§ Exercise prompt: Answer with a number only, stating how many lines of the records hold the word "visited".

§ Entries shown:
-------
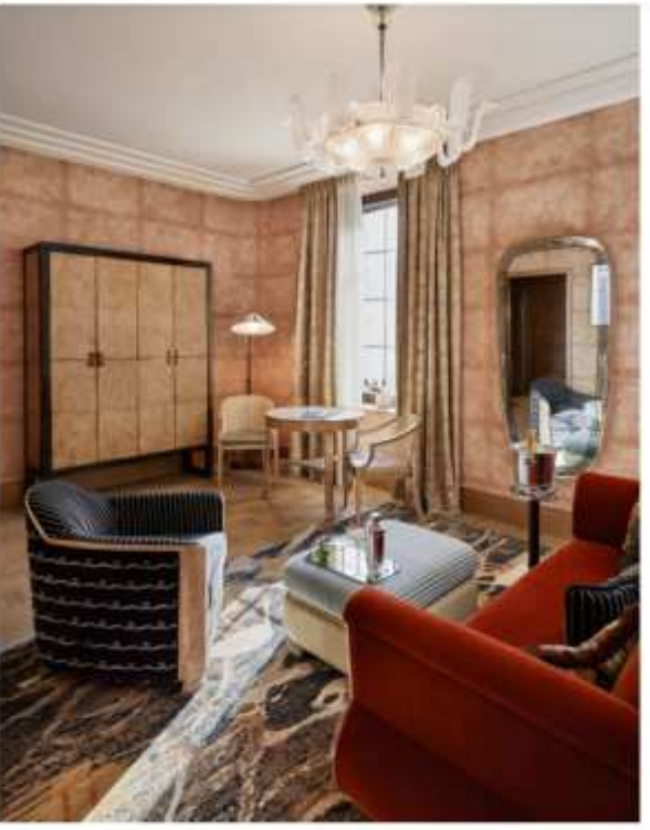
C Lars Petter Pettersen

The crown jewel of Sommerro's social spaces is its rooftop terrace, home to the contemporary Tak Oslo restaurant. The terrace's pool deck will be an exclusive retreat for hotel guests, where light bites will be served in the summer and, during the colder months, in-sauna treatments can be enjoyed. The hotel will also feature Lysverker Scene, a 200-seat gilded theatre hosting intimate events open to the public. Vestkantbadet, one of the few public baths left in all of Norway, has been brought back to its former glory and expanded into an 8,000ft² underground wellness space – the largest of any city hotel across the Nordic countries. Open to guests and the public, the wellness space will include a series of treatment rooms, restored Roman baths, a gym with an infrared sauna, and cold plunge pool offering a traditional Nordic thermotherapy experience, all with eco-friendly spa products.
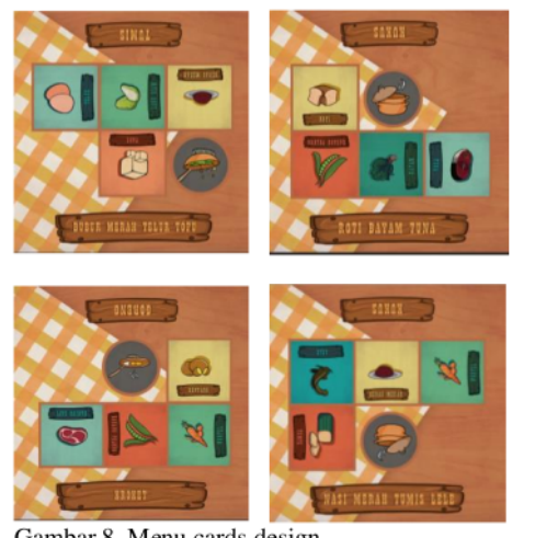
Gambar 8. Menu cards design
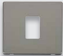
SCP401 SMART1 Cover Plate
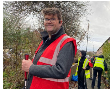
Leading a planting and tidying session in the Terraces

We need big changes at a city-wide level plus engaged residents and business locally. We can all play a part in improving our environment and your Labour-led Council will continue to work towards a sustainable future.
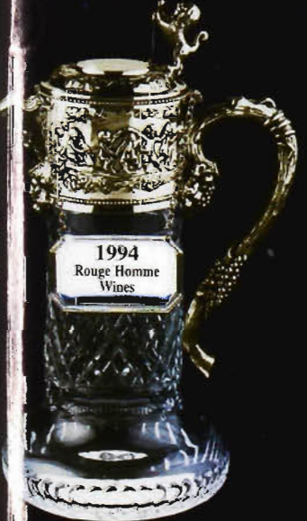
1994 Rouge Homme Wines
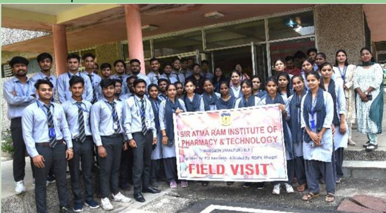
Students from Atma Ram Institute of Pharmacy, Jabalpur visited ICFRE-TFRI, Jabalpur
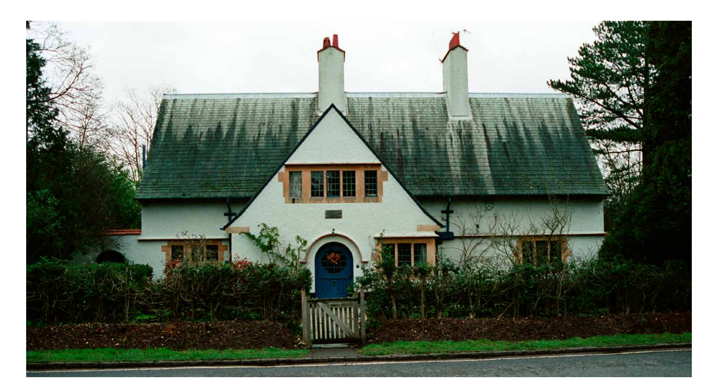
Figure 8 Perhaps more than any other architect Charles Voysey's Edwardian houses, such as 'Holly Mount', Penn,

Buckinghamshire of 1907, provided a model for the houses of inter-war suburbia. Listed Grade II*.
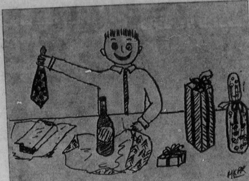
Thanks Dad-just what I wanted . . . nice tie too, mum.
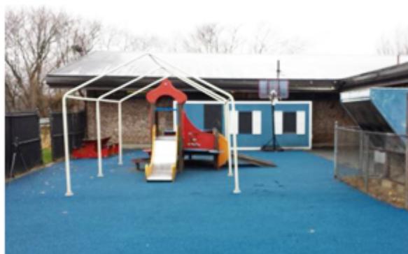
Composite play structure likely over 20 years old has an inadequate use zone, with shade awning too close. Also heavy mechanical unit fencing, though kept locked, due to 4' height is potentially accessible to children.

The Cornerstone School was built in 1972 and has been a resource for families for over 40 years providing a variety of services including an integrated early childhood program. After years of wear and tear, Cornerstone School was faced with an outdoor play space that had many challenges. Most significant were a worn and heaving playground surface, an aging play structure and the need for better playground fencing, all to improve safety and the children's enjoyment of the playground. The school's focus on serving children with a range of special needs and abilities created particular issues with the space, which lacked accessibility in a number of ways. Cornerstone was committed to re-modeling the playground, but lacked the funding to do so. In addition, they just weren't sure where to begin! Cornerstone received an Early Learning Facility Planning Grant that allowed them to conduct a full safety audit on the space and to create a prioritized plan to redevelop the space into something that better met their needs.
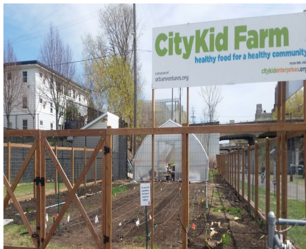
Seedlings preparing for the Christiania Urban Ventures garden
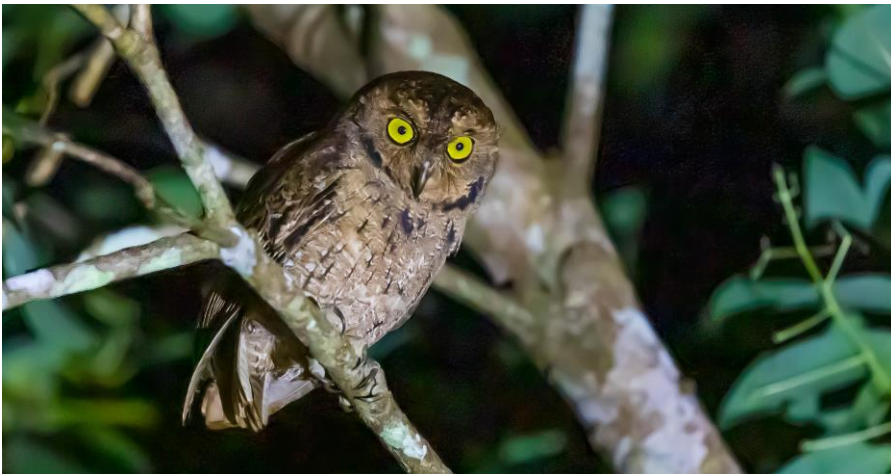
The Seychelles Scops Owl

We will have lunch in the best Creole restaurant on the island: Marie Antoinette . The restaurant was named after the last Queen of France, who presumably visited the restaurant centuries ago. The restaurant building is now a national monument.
-------
§ Solution for this problem: 2